This is an experience report about a gotcha in Go that catches every Go programmer at least once. The following program is extracted from a larger version that caused my co-workers to lose several hours today.
package main
import "fmt"
type T struct{}
func (t T) F() {}
type P interface {
F()
}
func newT() *T { return new(T) }
type Thing struct {
P
}
func factory(p P) *Thing {
return &Thing{P: p}
}
const ENABLE_FEATURE = false
func main() {
t := newT()
t2 := t
if !ENABLE_FEATURE {
t2 = nil
}
thing := factory(t2)
fmt.Println(thing.P == nil)
}
This distilled version of the program in question, while non-sensical, contains all the attributes of the original. Take some time to study the program and ask yourself, does the program print true
or false
?
nil != nil
Not to spoil the surprise, but the program prints false
. The reason is, while nil
is assigned to t2
, when t2
is passed to factory
it is “boxed” into an variable of type P
; an interface. Thus, thing.P
does not equal nil
because while the value of P
was nil
, its concrete type was *T
.
Typed nil
You’ve probably realised the cause of this problem is the dreaded typed nil, a gotcha that has its own entry in the Go FAQ. The typed nil emerges as a result of the definition of a interface type; a structure which contains the concrete type of the value stored in the interface, and the value itself. This structure can’t be expressed in pure Go, but can be visualised with this example:
var n int = 200
var i interface{} = n
The interface value i
is assigned a copy of the value of n
, so i
‘s type slot holds n
‘s type; int
, and it’s data slot holds the value 200
. We can write this more concisely as (int, 200)
.
In the original program we effectively have the following:
var t2 *T = nil
var p P = t2
Which results in p
, using our nomenclature, holding the value (*T, nil)
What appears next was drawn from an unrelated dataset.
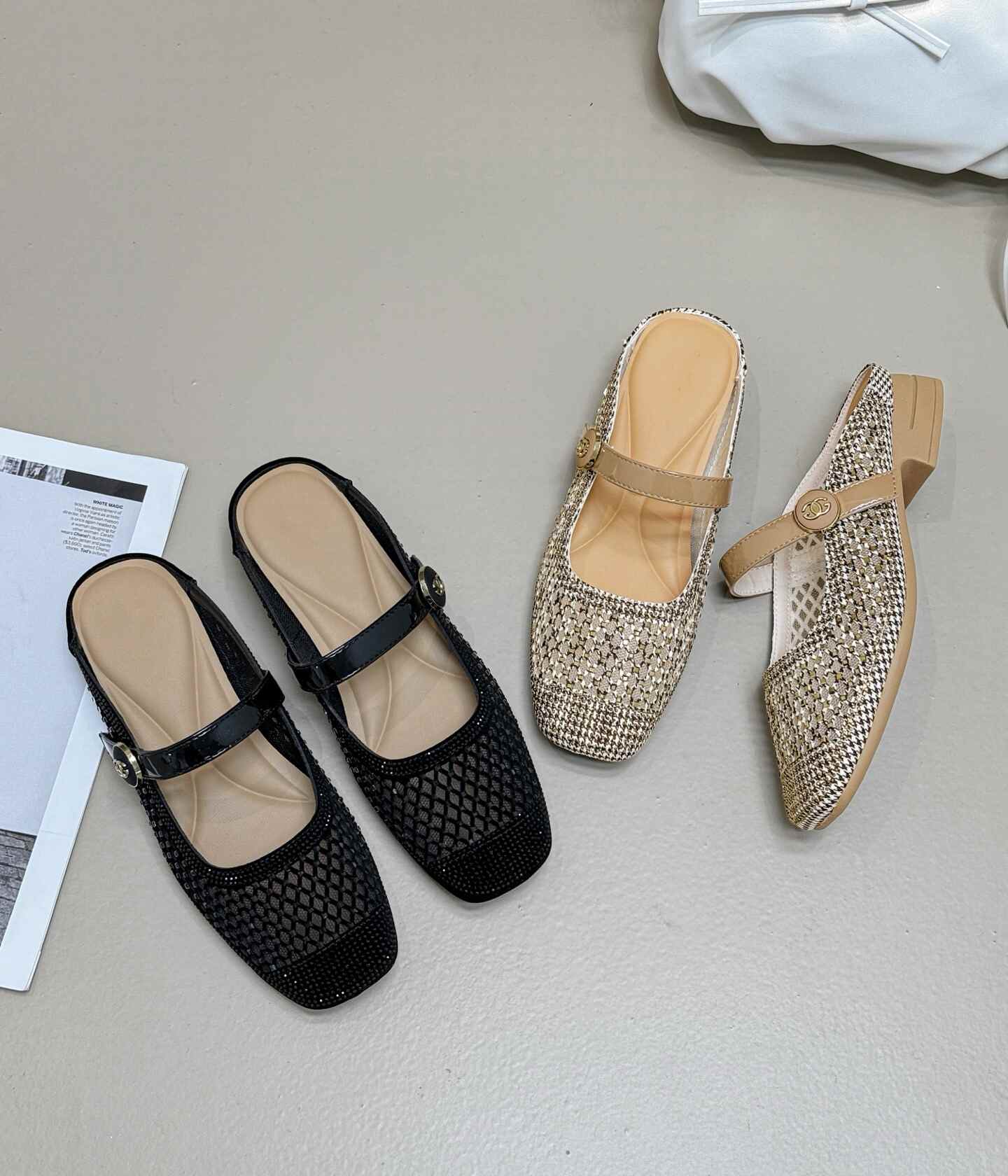 36015网纱透气时尚水钻时装外穿包头拖鞋女百搭室外软底凉拖防滑夏天鞋

. So then, why does the expression p == nil
evaluate to false
? The explanation I prefer is:
nil
is a compile time constant which is converted to whatever type is required, just as constant literals like200
are converted to the required integer type automatically.- Given the expression
p == nil
, both arguments must be of the same type, thereforenil
is converted to the same type asp
, which is an interface type. So we can rewrite the expression as(*T, nil) == (nil, nil)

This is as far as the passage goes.